[Stored records]

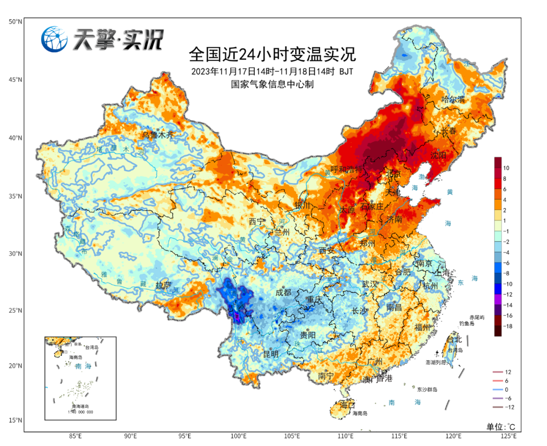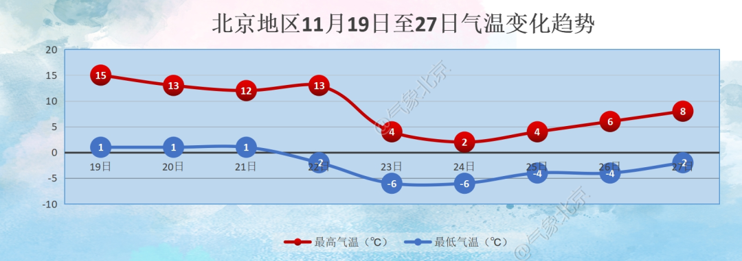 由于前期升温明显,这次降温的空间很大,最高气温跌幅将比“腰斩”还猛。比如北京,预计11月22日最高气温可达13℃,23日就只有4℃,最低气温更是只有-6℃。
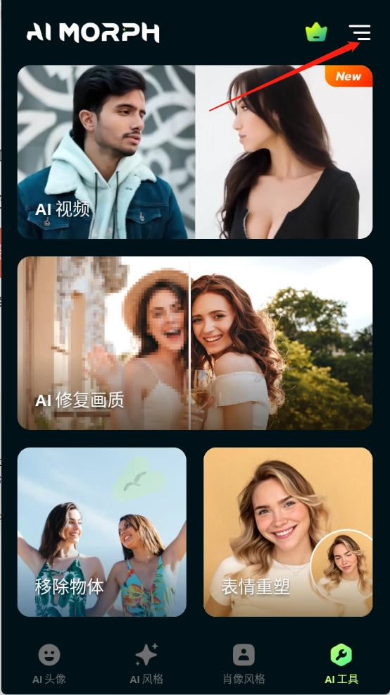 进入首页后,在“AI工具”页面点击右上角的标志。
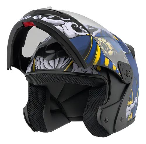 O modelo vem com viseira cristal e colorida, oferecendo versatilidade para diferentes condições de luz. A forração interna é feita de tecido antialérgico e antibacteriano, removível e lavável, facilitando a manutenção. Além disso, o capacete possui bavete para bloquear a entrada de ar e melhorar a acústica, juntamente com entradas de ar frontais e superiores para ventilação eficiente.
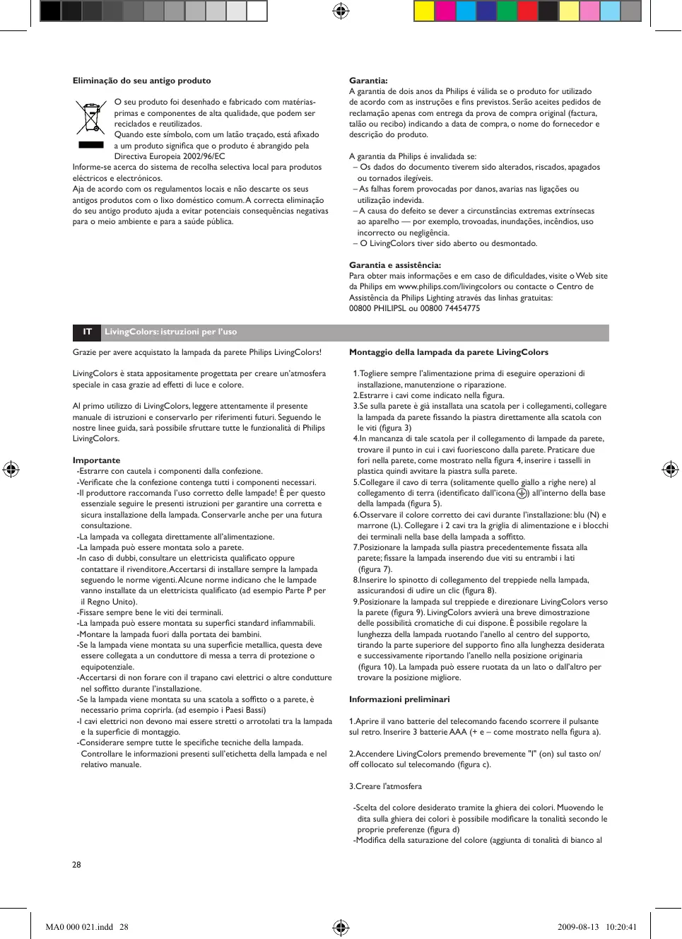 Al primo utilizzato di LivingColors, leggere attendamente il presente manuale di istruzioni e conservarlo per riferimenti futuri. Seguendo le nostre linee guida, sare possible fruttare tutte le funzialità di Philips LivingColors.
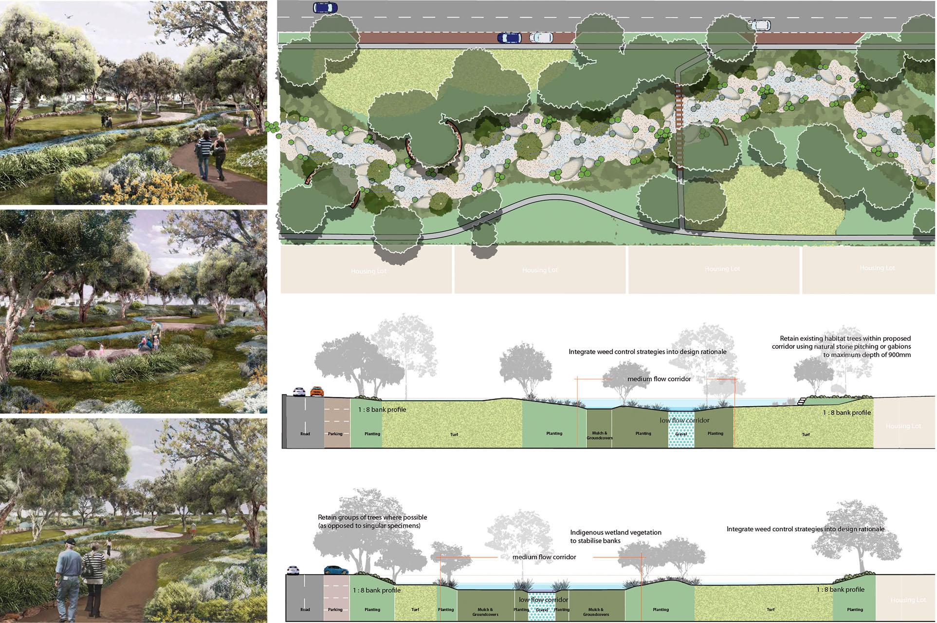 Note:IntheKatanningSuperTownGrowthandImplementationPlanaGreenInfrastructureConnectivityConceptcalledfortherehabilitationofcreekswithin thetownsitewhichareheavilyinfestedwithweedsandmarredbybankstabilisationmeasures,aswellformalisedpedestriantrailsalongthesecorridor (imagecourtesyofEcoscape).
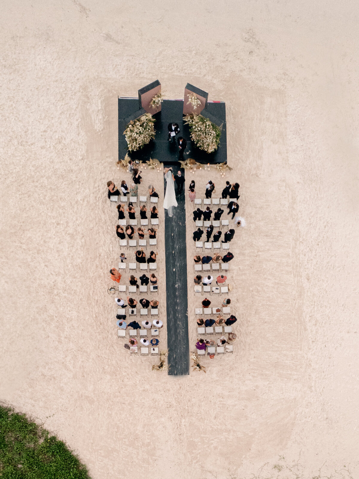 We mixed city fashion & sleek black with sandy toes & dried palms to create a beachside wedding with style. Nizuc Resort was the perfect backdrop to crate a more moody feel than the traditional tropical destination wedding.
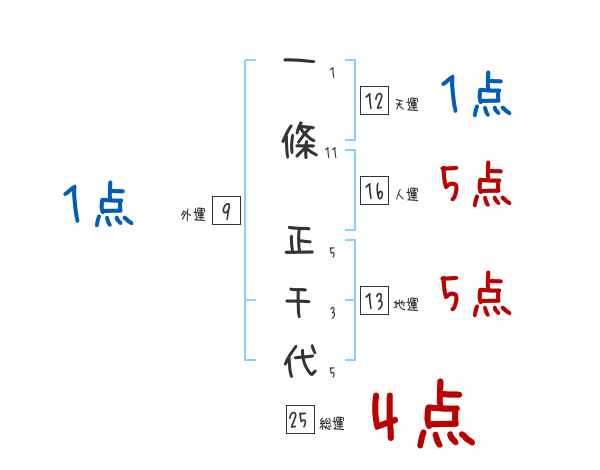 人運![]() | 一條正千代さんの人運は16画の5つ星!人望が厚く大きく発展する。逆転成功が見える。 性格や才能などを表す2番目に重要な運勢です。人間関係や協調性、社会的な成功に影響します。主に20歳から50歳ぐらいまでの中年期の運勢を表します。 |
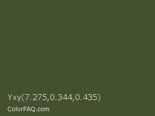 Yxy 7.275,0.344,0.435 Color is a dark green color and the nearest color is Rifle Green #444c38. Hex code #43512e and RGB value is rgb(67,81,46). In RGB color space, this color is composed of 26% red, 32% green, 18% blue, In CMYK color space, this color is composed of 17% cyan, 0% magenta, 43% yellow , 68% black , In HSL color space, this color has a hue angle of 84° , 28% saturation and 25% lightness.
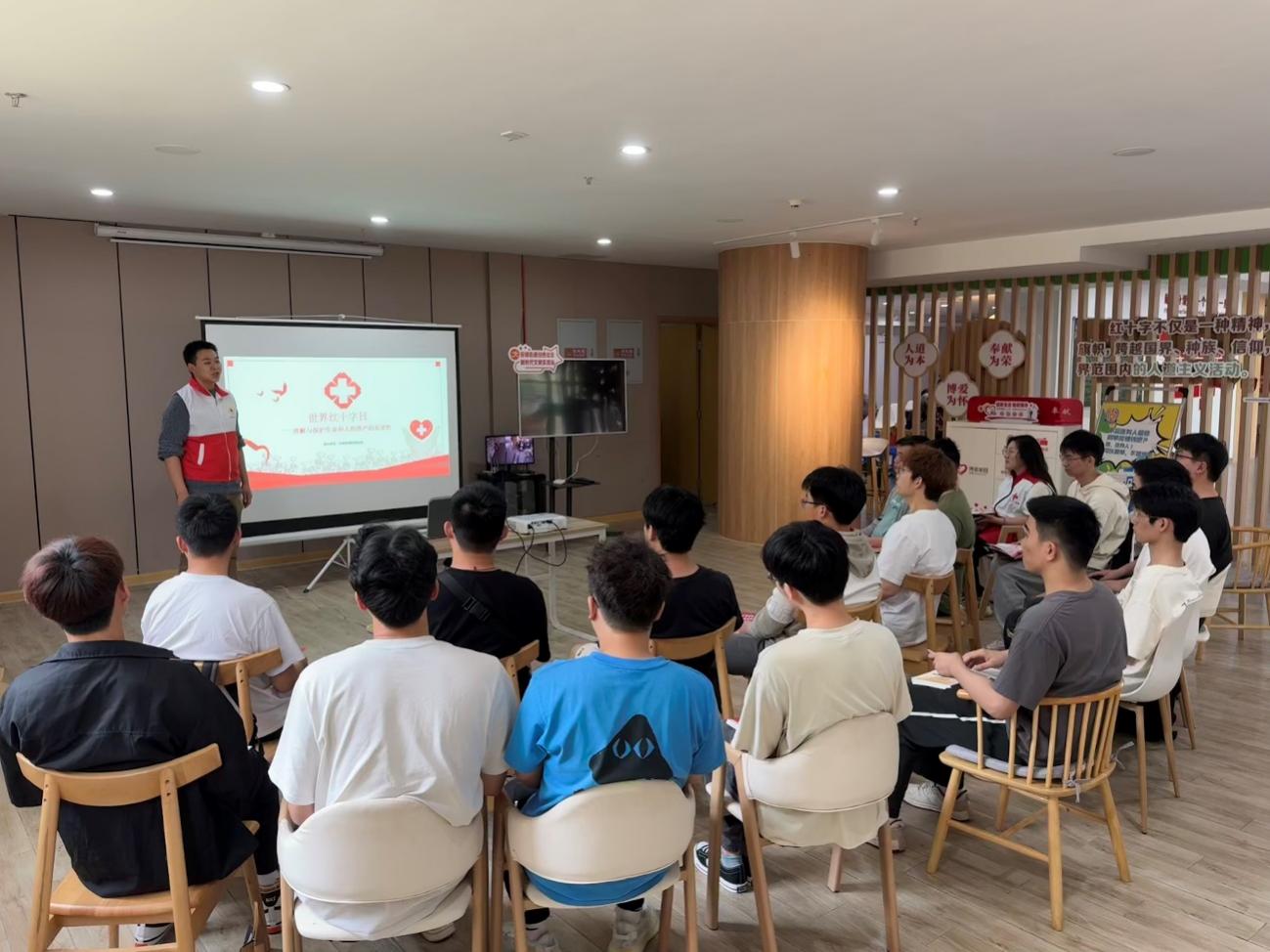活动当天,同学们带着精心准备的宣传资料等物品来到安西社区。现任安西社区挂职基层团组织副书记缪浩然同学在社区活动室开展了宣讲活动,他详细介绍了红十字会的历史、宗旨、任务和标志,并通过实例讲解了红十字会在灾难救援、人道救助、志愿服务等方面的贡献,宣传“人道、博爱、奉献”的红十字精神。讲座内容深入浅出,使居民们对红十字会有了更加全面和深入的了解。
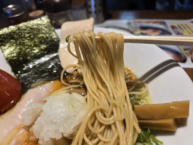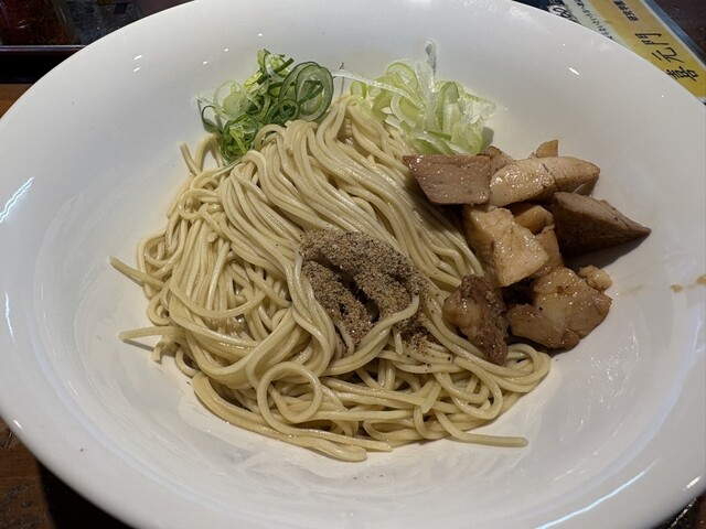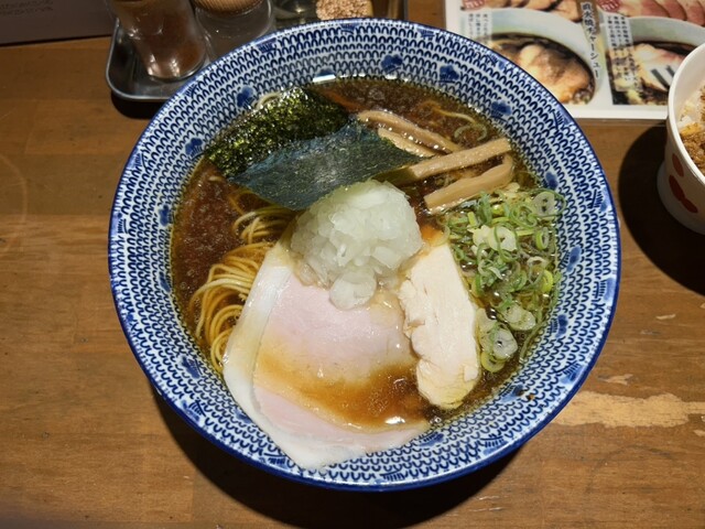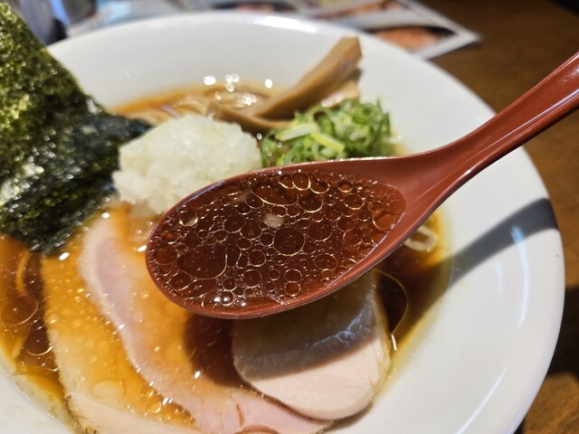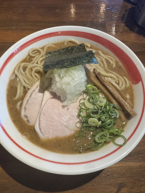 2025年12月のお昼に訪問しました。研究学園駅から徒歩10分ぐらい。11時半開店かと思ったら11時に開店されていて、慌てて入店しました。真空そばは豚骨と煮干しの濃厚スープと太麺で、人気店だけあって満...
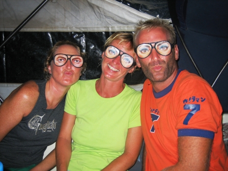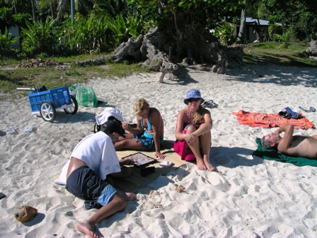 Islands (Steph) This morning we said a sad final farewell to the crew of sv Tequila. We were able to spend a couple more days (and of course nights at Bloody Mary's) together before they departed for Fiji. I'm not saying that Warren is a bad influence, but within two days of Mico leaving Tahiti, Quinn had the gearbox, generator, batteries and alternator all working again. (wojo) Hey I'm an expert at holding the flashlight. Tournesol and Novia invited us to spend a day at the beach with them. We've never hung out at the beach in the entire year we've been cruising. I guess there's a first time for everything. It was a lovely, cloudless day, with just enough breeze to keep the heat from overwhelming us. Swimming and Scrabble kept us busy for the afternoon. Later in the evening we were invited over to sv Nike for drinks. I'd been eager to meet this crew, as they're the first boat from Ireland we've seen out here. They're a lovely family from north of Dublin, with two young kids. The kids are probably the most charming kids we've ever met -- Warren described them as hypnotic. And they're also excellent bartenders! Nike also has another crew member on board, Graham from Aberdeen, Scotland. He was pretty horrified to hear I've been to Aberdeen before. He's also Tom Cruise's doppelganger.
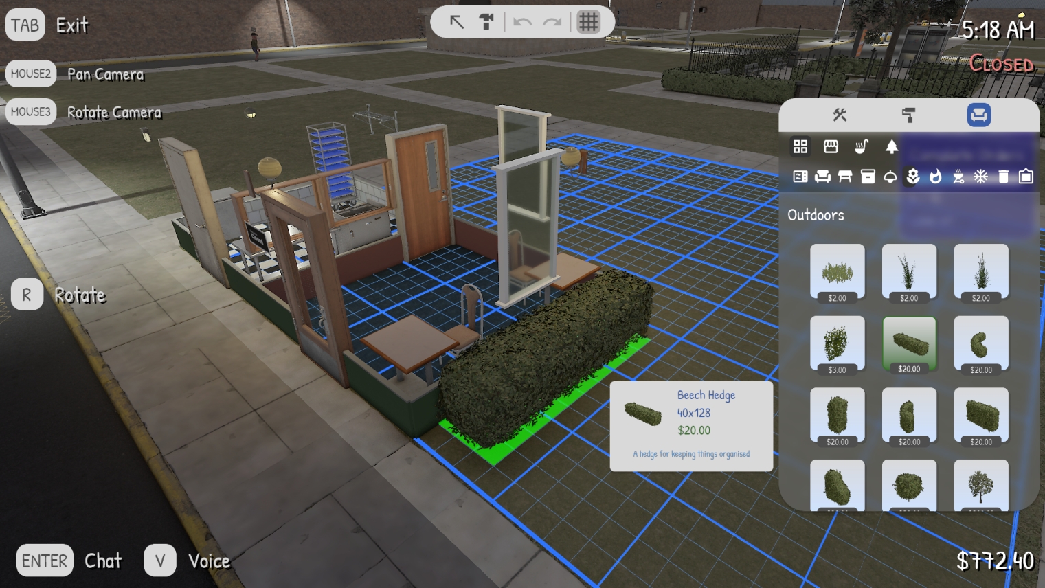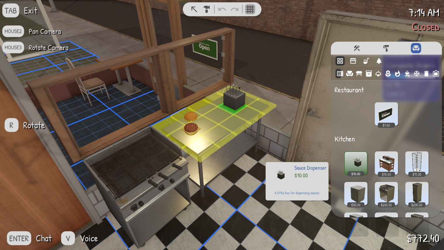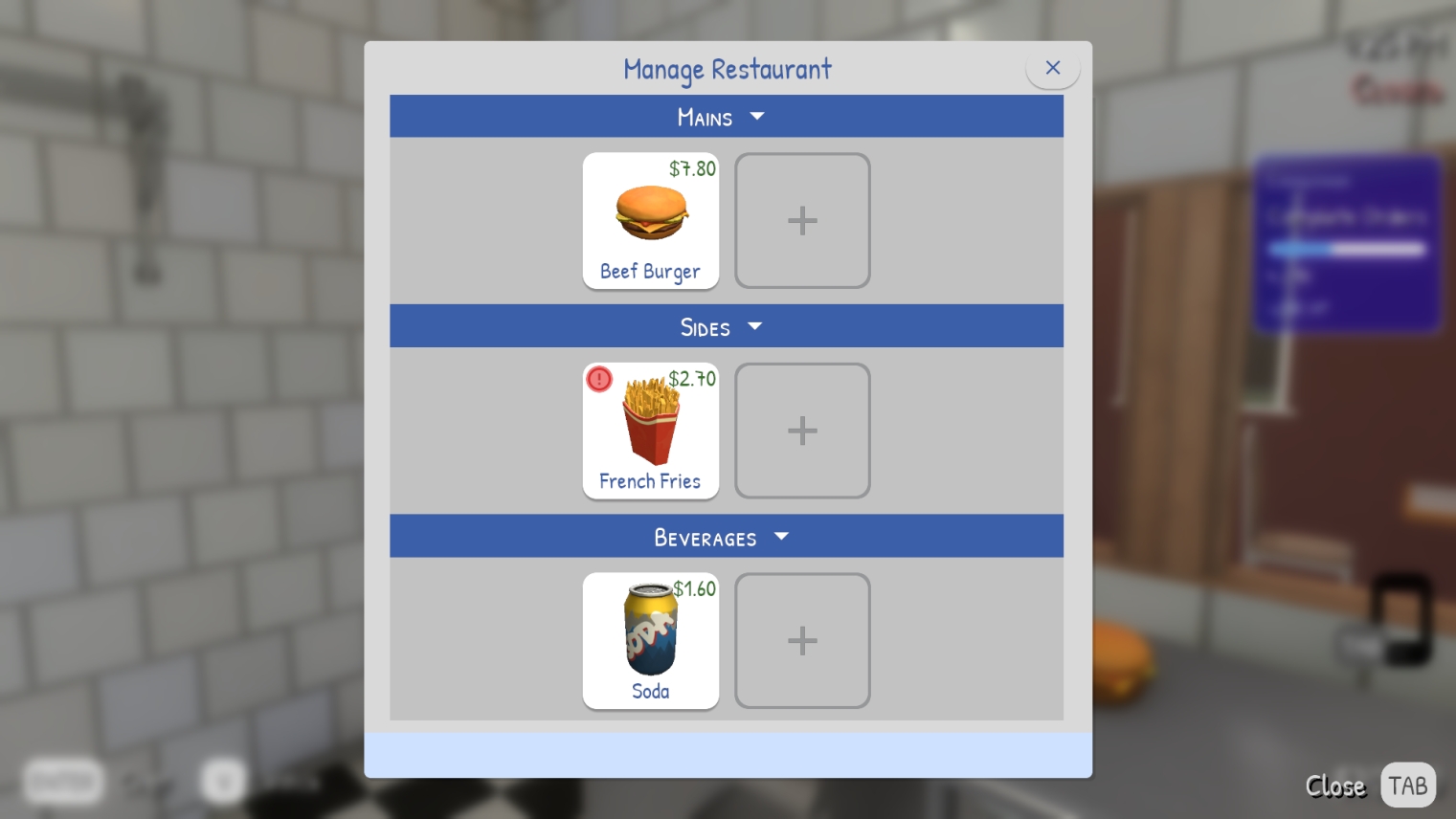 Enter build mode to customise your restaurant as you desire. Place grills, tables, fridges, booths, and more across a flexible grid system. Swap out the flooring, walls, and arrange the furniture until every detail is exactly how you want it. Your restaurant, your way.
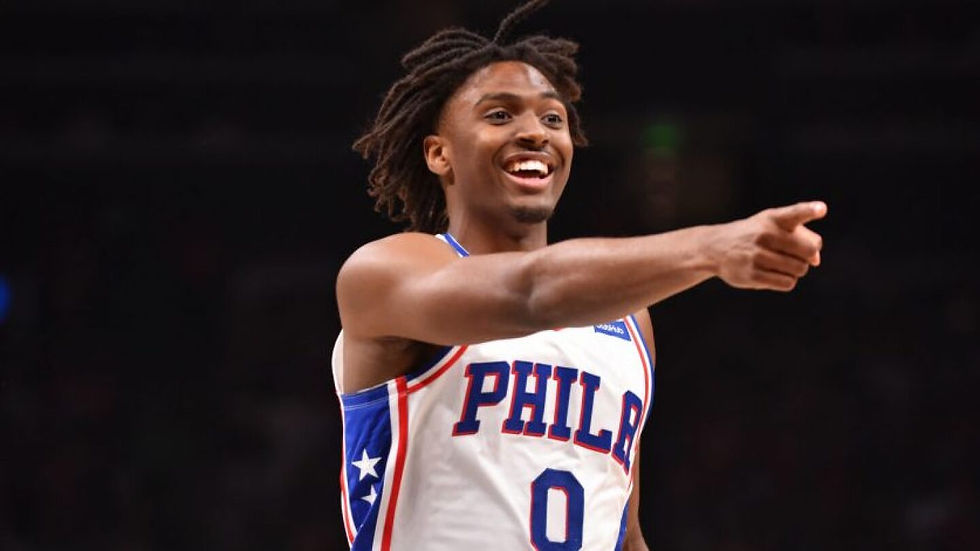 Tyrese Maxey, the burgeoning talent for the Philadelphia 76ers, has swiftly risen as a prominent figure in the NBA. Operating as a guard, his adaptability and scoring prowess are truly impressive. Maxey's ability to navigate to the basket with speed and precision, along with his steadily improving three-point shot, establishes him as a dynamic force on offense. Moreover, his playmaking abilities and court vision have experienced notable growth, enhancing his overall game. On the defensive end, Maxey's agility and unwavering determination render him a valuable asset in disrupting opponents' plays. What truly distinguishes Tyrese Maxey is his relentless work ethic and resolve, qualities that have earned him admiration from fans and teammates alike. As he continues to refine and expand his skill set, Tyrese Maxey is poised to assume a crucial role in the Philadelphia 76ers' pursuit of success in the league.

Your objective :: Word for word, set down every line of the records above, and leave the pictures out.

Expected answer ::
 由于前期升温明显,这次降温的空间很大,最高气温跌幅将比“腰斩”还猛。比如北京,预计11月22日最高气温可达13℃,23日就只有4℃,最低气温更是只有-6℃。
 进入首页后,在“AI工具”页面点击右上角的标志。
 O modelo vem com viseira cristal e colorida, oferecendo versatilidade para diferentes condições de luz. A forração interna é feita de tecido antialérgico e antibacteriano, removível e lavável, facilitando a manutenção. Além disso, o capacete possui bavete para bloquear a entrada de ar e melhorar a acústica, juntamente com entradas de ar frontais e superiores para ventilação eficiente.
 Al primo utilizzato di LivingColors, leggere attendamente il presente manuale di istruzioni e conservarlo per riferimenti futuri. Seguendo le nostre linee guida, sare possible fruttare tutte le funzialità di Philips LivingColors.
 Note:IntheKatanningSuperTownGrowthandImplementationPlanaGreenInfrastructureConnectivityConceptcalledfortherehabilitationofcreekswithin thetownsitewhichareheavilyinfestedwithweedsandmarredbybankstabilisationmeasures,aswellformalisedpedestriantrailsalongthesecorridor (imagecourtesyofEcoscape).
 We mixed city fashion & sleek black with sandy toes & dried palms to create a beachside wedding with style. Nizuc Resort was the perfect backdrop to crate a more moody feel than the traditional tropical destination wedding.
 人運![]() | 一條正千代さんの人運は16画の5つ星!人望が厚く大きく発展する。逆転成功が見える。 性格や才能などを表す2番目に重要な運勢です。人間関係や協調性、社会的な成功に影響します。主に20歳から50歳ぐらいまでの中年期の運勢を表します。 |
 Yxy 7.275,0.344,0.435 Color is a dark green color and the nearest color is Rifle Green #444c38. Hex code #43512e and RGB value is rgb(67,81,46). In RGB color space, this color is composed of 26% red, 32% green, 18% blue, In CMYK color space, this color is composed of 17% cyan, 0% magenta, 43% yellow , 68% black , In HSL color space, this color has a hue angle of 84° , 28% saturation and 25% lightness.
活动当天,同学们带着精心准备的宣传资料等物品来到安西社区。现任安西社区挂职基层团组织副书记缪浩然同学在社区活动室开展了宣讲活动,他详细介绍了红十字会的历史、宗旨、任务和标志,并通过实例讲解了红十字会在灾难救援、人道救助、志愿服务等方面的贡献,宣传“人道、博爱、奉献”的红十字精神。讲座内容深入浅出,使居民们对红十字会有了更加全面和深入的了解。
 2025年12月のお昼に訪問しました。研究学園駅から徒歩10分ぐらい。11時半開店かと思ったら11時に開店されていて、慌てて入店しました。真空そばは豚骨と煮干しの濃厚スープと太麺で、人気店だけあって満...
 Islands (Steph) This morning we said a sad final farewell to the crew of sv Tequila. We were able to spend a couple more days (and of course nights at Bloody Mary's) together before they departed for Fiji. I'm not saying that Warren is a bad influence, but within two days of Mico leaving Tahiti, Quinn had the gearbox, generator, batteries and alternator all working again. (wojo) Hey I'm an expert at holding the flashlight. Tournesol and Novia invited us to spend a day at the beach with them. We've never hung out at the beach in the entire year we've been cruising. I guess there's a first time for everything. It was a lovely, cloudless day, with just enough breeze to keep the heat from overwhelming us. Swimming and Scrabble kept us busy for the afternoon. Later in the evening we were invited over to sv Nike for drinks. I'd been eager to meet this crew, as they're the first boat from Ireland we've seen out here. They're a lovely family from north of Dublin, with two young kids. The kids are probably the most charming kids we've ever met -- Warren described them as hypnotic. And they're also excellent bartenders! Nike also has another crew member on board, Graham from Aberdeen, Scotland. He was pretty horrified to hear I've been to Aberdeen before. He's also Tom Cruise's doppelganger.
 Enter build mode to customise your restaurant as you desire. Place grills, tables, fridges, booths, and more across a flexible grid system. Swap out the flooring, walls, and arrange the furniture until every detail is exactly how you want it. Your restaurant, your way.
 Tyrese Maxey, the burgeoning talent for the Philadelphia 76ers, has swiftly risen as a prominent figure in the NBA. Operating as a guard, his adaptability and scoring prowess are truly impressive. Maxey's ability to navigate to the basket with speed and precision, along with his steadily improving three-point shot, establishes him as a dynamic force on offense. Moreover, his playmaking abilities and court vision have experienced notable growth, enhancing his overall game. On the defensive end, Maxey's agility and unwavering determination render him a valuable asset in disrupting opponents' plays. What truly distinguishes Tyrese Maxey is his relentless work ethic and resolve, qualities that have earned him admiration from fans and teammates alike. As he continues to refine and expand his skill set, Tyrese Maxey is poised to assume a crucial role in the Philadelphia 76ers' pursuit of success in the league.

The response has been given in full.